Model-based and sequential feature selection#
This example illustrates and compares two approaches for feature selection:
SelectFromModel
which is based on feature
importance, and
SequentialFeatureSelector
which relies
on a greedy approach.
We use the Diabetes dataset, which consists of 10 features collected from 442 diabetes patients.
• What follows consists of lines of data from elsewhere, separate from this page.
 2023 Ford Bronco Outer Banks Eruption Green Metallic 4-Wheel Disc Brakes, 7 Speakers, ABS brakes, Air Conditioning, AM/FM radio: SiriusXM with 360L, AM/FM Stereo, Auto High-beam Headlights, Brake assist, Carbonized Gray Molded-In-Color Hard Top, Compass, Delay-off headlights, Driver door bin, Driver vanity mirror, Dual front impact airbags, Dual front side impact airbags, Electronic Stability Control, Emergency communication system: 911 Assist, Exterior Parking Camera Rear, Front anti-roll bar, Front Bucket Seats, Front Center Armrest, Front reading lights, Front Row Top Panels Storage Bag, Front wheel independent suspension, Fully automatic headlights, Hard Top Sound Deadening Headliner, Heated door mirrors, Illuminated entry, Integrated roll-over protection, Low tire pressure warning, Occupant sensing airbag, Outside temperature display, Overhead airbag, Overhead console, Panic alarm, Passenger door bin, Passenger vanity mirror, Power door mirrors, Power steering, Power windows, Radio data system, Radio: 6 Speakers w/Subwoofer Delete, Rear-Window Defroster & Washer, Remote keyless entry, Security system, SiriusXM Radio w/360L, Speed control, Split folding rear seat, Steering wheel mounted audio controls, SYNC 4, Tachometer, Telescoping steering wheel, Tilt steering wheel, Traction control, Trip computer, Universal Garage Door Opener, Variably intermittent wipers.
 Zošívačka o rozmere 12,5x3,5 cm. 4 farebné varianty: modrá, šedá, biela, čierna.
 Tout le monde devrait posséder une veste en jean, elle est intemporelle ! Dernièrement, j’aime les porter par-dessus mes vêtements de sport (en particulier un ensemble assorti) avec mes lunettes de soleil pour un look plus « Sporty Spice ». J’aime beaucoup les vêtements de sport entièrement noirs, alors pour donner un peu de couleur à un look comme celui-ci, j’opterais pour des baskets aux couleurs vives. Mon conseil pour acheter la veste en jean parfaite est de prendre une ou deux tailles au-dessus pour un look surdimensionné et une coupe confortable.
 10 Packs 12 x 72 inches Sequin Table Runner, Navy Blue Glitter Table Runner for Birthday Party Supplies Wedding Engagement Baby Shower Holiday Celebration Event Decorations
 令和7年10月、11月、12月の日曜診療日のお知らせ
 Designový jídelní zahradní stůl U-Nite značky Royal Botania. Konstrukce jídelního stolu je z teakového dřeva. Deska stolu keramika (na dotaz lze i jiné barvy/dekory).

Authors: Manoj Kumar, Maria Telenczuk, Nicolas Hug.
License: BSD 3 clause
Loading the data#
We first load the diabetes dataset which is available from within scikit-learn, and print its description:
from sklearn.datasets import load_diabetes
diabetes = load_diabetes()
X, y = diabetes.data, diabetes.target
print(diabetes.DESCR)
.. _diabetes_dataset:
Diabetes dataset
----------------
Ten baseline variables, age, sex, body mass index, average blood
pressure, and six blood serum measurements were obtained for each of n =
442 diabetes patients, as well as the response of interest, a
quantitative measure of disease progression one year after baseline.
**Data Set Characteristics:**
:Number of Instances: 442
:Number of Attributes: First 10 columns are numeric predictive values
:Target: Column 11 is a quantitative measure of disease progression one year after baseline
:Attribute Information:
- age age in years
- sex
- bmi body mass index
- bp average blood pressure
- s1 tc, total serum cholesterol
- s2 ldl, low-density lipoproteins
- s3 hdl, high-density lipoproteins
- s4 tch, total cholesterol / HDL
- s5 ltg, possibly log of serum triglycerides level
- s6 glu, blood sugar level
Note: Each of these 10 feature variables have been mean centered and scaled by the standard deviation times the square root of `n_samples` (i.e. the sum of squares of each column totals 1).
Source URL:
https://www4.stat.ncsu.edu/~boos/var.select/diabetes.html
For more information see:
Bradley Efron, Trevor Hastie, Iain Johnstone and Robert Tibshirani (2004) "Least Angle Regression," Annals of Statistics (with discussion), 407-499.
(https://web.stanford.edu/~hastie/Papers/LARS/LeastAngle_2002.pdf)
Feature importance from coefficients#
To get an idea of the importance of the features, we are going to use the
RidgeCV
estimator. The features with the
highest absolute coef_
value are considered the most important.
We can observe the coefficients directly without needing to scale them (or
scale the data) because from the description above, we know that the features
were already standardized.
For a more complete example on the interpretations of the coefficients of
linear models, you may refer to
Common pitfalls in the interpretation of coefficients of linear models. # noqa: E501
import matplotlib.pyplot as plt
import numpy as np
from sklearn.linear_model import RidgeCV
ridge = RidgeCV(alphas=np.logspace(-6, 6, num=5)).fit(X, y)
importance = np.abs(ridge.coef_)
feature_names = np.array(diabetes.feature_names)
plt.bar(height=importance, x=feature_names)
plt.title("Feature importances via coefficients")
plt.show()
Selecting features based on importance#
Now we want to select the two features which are the most important according
to the coefficients. The SelectFromModel
is meant just for that. SelectFromModel
accepts a threshold
parameter and will select the features whose importance
(defined by the coefficients) are above this threshold.
Since we want to select only 2 features, we will set this threshold slightly above the coefficient of third most important feature.
from time import time
from sklearn.feature_selection import SelectFromModel
threshold = np.sort(importance)[-3] + 0.01
tic = time()
sfm = SelectFromModel(ridge, threshold=threshold).fit(X, y)
toc = time()
print(f"Features selected by SelectFromModel: {feature_names[sfm.get_support()]}")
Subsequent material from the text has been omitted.